The ‘Standard for Replacement Business’ initiative was announced by CEO John Brogden on the second day of  the FSC National Conference.

Under the proposed reform, riskinfo understands the FSC is recommending:

  1. The removal of takeover terms for policies transferred by an adviser between insurers
  2. The establishment of a two year adviser responsibility period where 100% of commission would be clawed-back if the policy lapses or is cancelled within one year, and 50% clawed-back in the second year

Mr Brogden said the time had come to address the practice of churn in order to support financial advisers and a sustainable life insurance industry in Australia.

“This practice is not in the interests of consumers and the FSC has taken the clear view that it is inconsistent with the statutory requirement for financial advisers to act in their clients’ best interests.

“While this practice is not widespread, it is significant enough an issue to warrant industry action,” he said.

The insurance industry has been quick to offer its qualified support for this initiative.  Asteron’s Executive General Manager, Jordan Hawke, commended the FSC for taking a proactive approach to the issue of churning, in particular the removal of takeover terms:

“We believe appropriate risk management is required at underwriting to ensure we protect the integrity of advisers’ books of business and their clients’ cover, so that premiums remain affordable, and that we can deliver on our commitment to pay claims,” he said.

But Mr Hawke noted that not all replacement business is churn:  “With products and client situations constantly changing, it is appropriate for advisers to review their clients’ insurance portfolio to ensure that it is both appropriate and competitive. It is all about quality advice,” said Mr Hawke, adding:

riskinfo understands the proposed two-year responsibility period would address the larger than average number of policies that are cancelled and re-issued at thirteen months (most policy responsibility, or ‘clawback’ periods cease after twelve months).  Mr Hawke noted that insurance policies usually don’t change sufficiently in a twelve-month period to justify their cancellation and re-issue.

But while welcoming the two-year responsibility period proposal as an  important first step, Mr Hawke added Asteron’s own experience “… shows that policy cancellations due to adviser recommendation combined with rising cost pressures and lack of affordability for clients, occurs mostly between 3 and 7 years.”

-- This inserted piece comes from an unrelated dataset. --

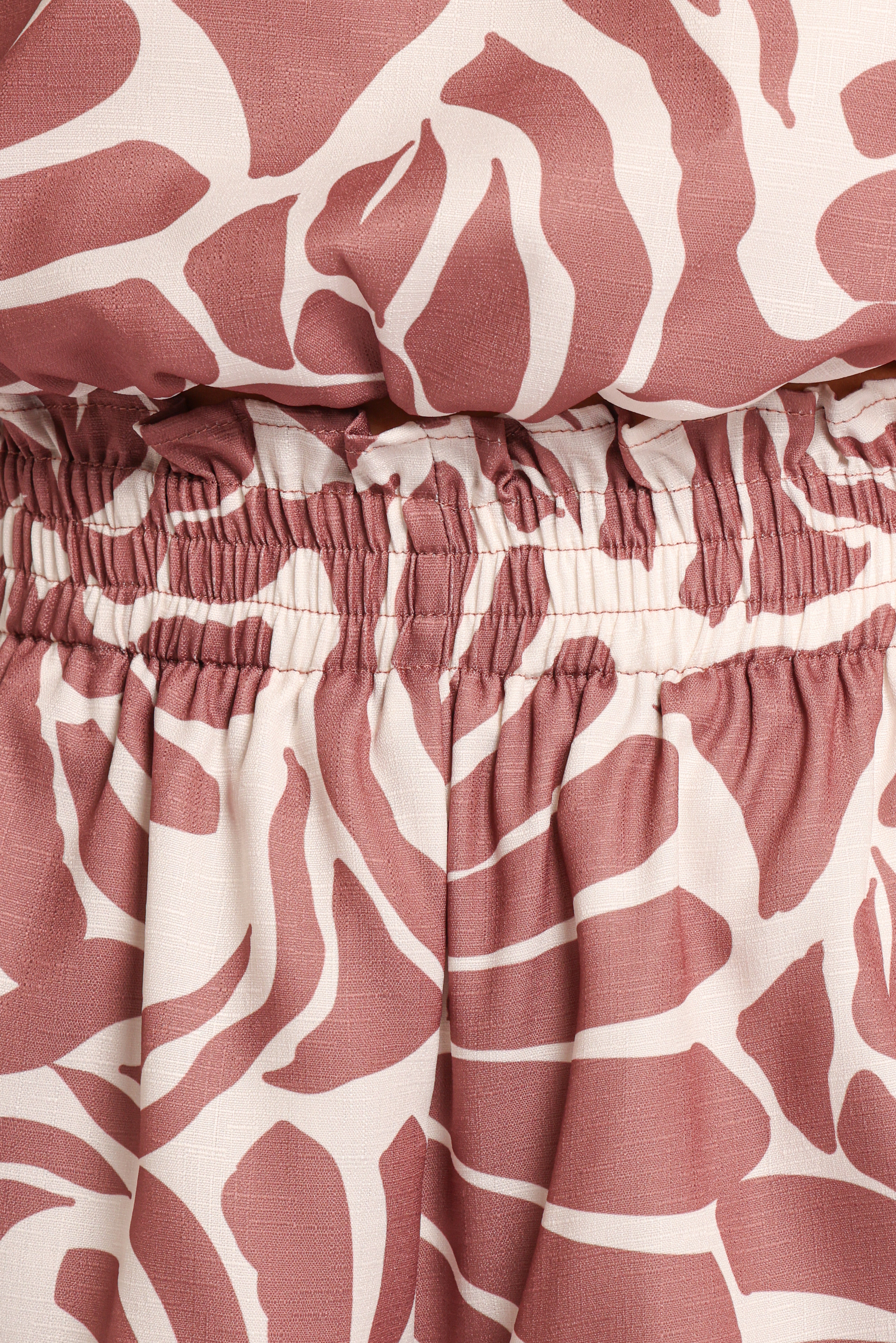 DETAILS Comprising of a one shoulder asymmetric neckline top and high waisted shorts, this ensemble is definitely a statement piece. The non-adjustable shoulder strap adds an extra touch of style to the look while the knot detail brings it all together.
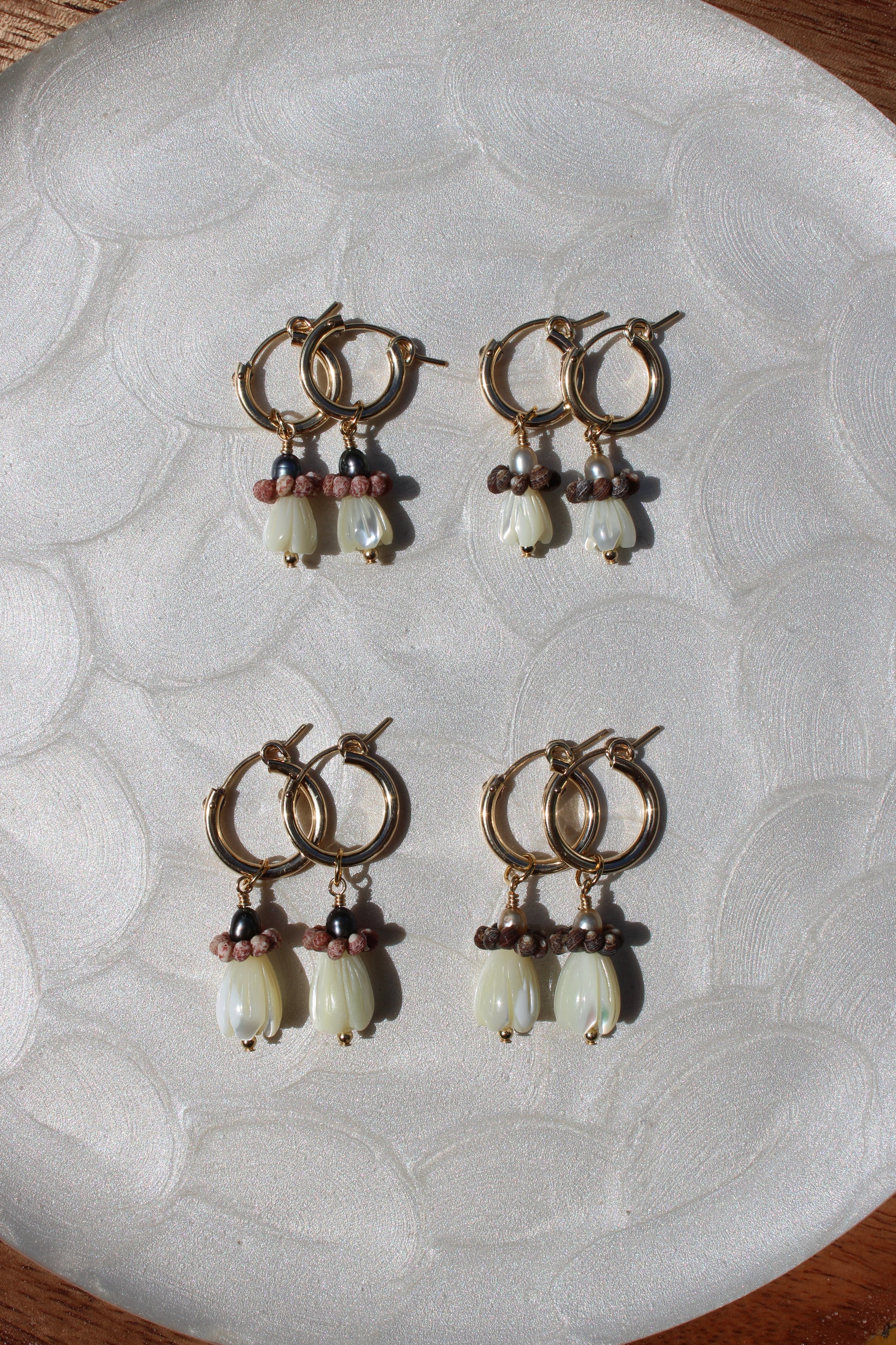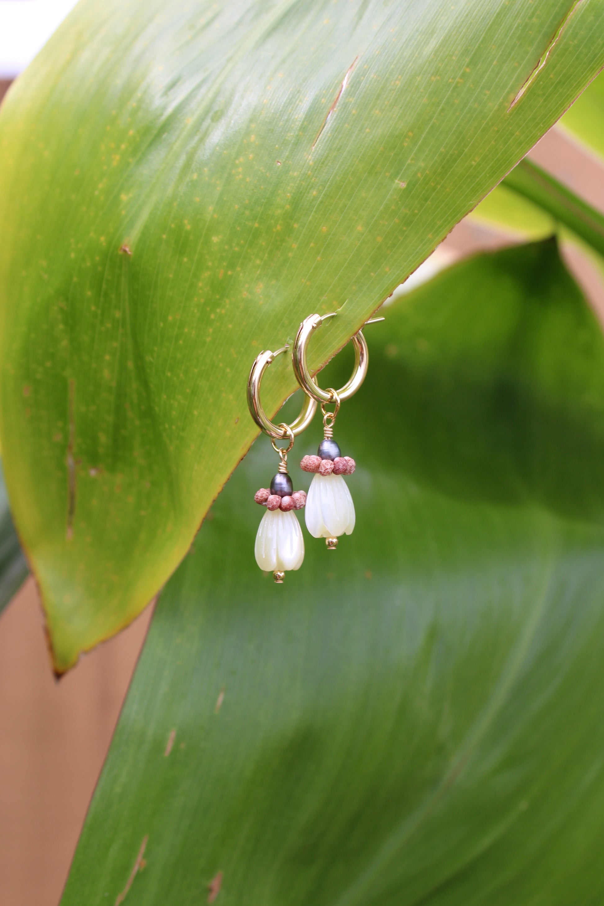 Kahelelani bloom huggies! Available with red/pink kahelelanis paired with dark freshwater pearls, or brown kahelelanis paired with light golden freshwater pearls, accented by small or medium mother-of-pearl pikake beads on a 13mm or 15mm huggie hoop. All kahelelani shells hand-picked on Oʻahu. Each piece is one of a kind; shell size and colors may slightly vary from the pieces shown.

This new, ‘self-regulated’ Standard on churning is currently being developed by the FSC in consultation with industry stakeholders, government and regulators.  The FSC says it aims to have the Standard finalised in 2012 with an implementation date consistent with the commencement of FoFA reforms.



3 COMMENTS

  1. There is a huge issue here for all financial planners, is this 2 year responsibility period anything other than the insurance compamies putting more pressure on the advisers, and if this is going to be the structure maybe we need to do what England does and have 200% commission for a 2 year responsibility period, then i would suggest that this was fair.

  2. There are many, many situations where a client cancels a policy and no churn is involved- e.g. a client cancels a policy under 2 year’s in force as he goes from self employment to employee- and is convinced to join the employer super fund including insurances. The adviser is not benefitting from the change, but will experience a substantial writeback! Churn has not been a factor here, but the penalty is still applied to the risk adviser. This is totally unfair and un-commercial- any one else provide some examples of “unfair”??

  3. To reduce churn,the Life Companies need to reduce the paperwork and the best way to do that is to lobby Government, to allow advisers to increase existing policies, without having to spend up to 8 hours complying and being snowed under with onerous processes,just to put through small premium increases which do not even cover the advisers expenses.
    Allow advisers to advise and not be buried in red tape for increases, then watch churning and all lapses reduce considerably, which will dramatically increase profits for Life Companies and guarantee their viability for the future.